● **Task objective**
The response should consist of every line below, restated exactly, with no pictures.

■ ■ ■ ■

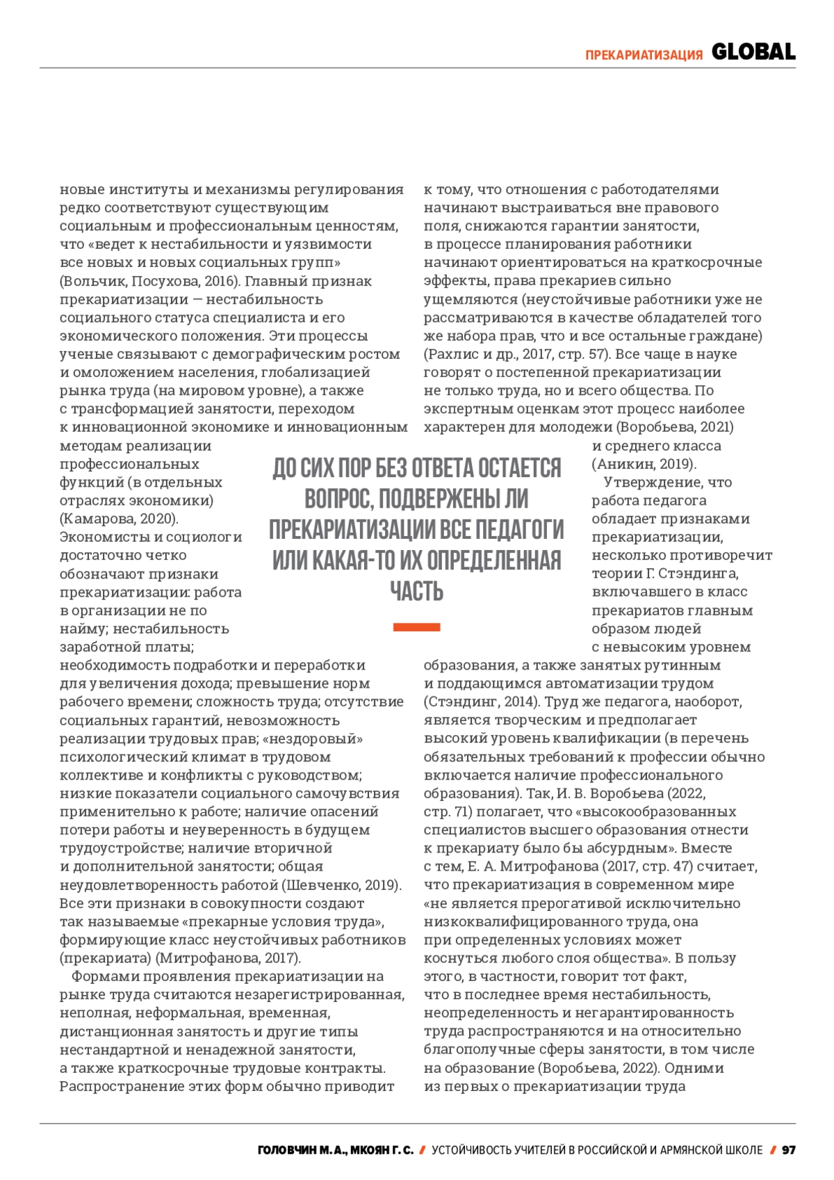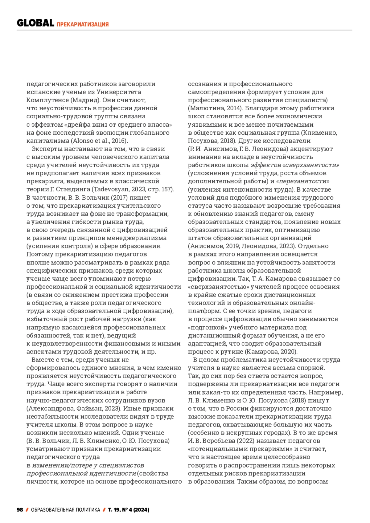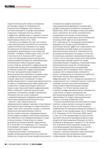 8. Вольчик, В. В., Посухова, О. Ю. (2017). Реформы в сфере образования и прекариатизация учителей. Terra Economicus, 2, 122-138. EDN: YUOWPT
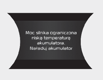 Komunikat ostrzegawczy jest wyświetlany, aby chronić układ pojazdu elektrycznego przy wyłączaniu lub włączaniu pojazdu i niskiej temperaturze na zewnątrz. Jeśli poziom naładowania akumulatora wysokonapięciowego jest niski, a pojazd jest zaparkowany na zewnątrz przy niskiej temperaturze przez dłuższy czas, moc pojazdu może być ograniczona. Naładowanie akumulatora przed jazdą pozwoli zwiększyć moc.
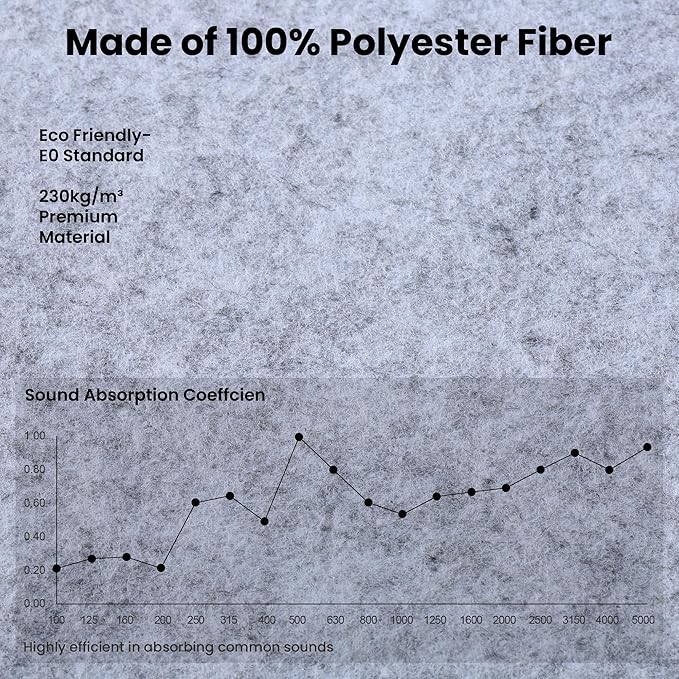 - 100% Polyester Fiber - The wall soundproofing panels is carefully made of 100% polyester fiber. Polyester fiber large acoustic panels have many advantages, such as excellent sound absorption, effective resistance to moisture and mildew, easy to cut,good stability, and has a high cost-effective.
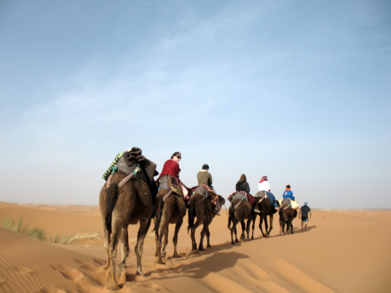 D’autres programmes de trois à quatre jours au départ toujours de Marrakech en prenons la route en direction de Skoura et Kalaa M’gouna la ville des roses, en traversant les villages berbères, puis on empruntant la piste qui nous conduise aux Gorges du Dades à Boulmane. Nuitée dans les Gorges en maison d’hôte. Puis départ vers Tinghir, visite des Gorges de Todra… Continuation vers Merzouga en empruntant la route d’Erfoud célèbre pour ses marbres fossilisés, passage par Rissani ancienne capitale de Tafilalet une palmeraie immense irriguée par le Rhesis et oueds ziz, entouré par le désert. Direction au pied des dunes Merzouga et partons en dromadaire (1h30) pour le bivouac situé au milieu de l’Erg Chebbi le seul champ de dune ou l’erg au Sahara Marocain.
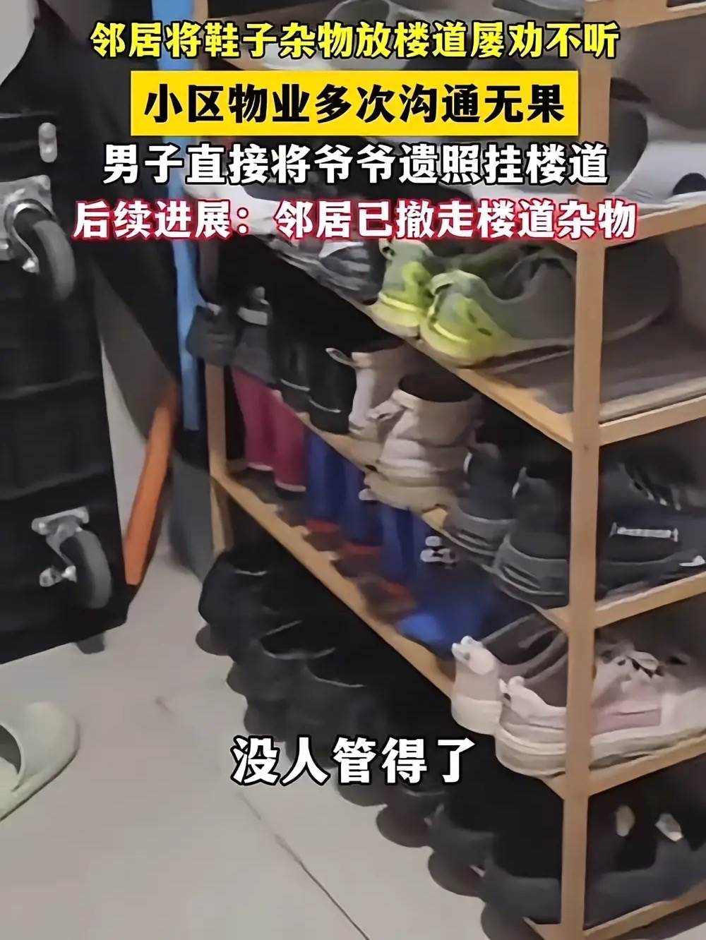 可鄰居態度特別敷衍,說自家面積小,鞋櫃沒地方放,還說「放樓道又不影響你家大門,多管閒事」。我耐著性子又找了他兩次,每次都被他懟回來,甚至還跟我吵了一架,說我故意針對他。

■ ■ ■ ■

● **Response to the exercise**
 8. Вольчик, В. В., Посухова, О. Ю. (2017). Реформы в сфере образования и прекариатизация учителей. Terra Economicus, 2, 122-138. EDN: YUOWPT
 Komunikat ostrzegawczy jest wyświetlany, aby chronić układ pojazdu elektrycznego przy wyłączaniu lub włączaniu pojazdu i niskiej temperaturze na zewnątrz. Jeśli poziom naładowania akumulatora wysokonapięciowego jest niski, a pojazd jest zaparkowany na zewnątrz przy niskiej temperaturze przez dłuższy czas, moc pojazdu może być ograniczona. Naładowanie akumulatora przed jazdą pozwoli zwiększyć moc.
 - 100% Polyester Fiber - The wall soundproofing panels is carefully made of 100% polyester fiber. Polyester fiber large acoustic panels have many advantages, such as excellent sound absorption, effective resistance to moisture and mildew, easy to cut,good stability, and has a high cost-effective.
 D’autres programmes de trois à quatre jours au départ toujours de Marrakech en prenons la route en direction de Skoura et Kalaa M’gouna la ville des roses, en traversant les villages berbères, puis on empruntant la piste qui nous conduise aux Gorges du Dades à Boulmane. Nuitée dans les Gorges en maison d’hôte. Puis départ vers Tinghir, visite des Gorges de Todra… Continuation vers Merzouga en empruntant la route d’Erfoud célèbre pour ses marbres fossilisés, passage par Rissani ancienne capitale de Tafilalet une palmeraie immense irriguée par le Rhesis et oueds ziz, entouré par le désert. Direction au pied des dunes Merzouga et partons en dromadaire (1h30) pour le bivouac situé au milieu de l’Erg Chebbi le seul champ de dune ou l’erg au Sahara Marocain.
 可鄰居態度特別敷衍,說自家面積小,鞋櫃沒地方放,還說「放樓道又不影響你家大門,多管閒事」。我耐著性子又找了他兩次,每次都被他懟回來,甚至還跟我吵了一架,說我故意針對他。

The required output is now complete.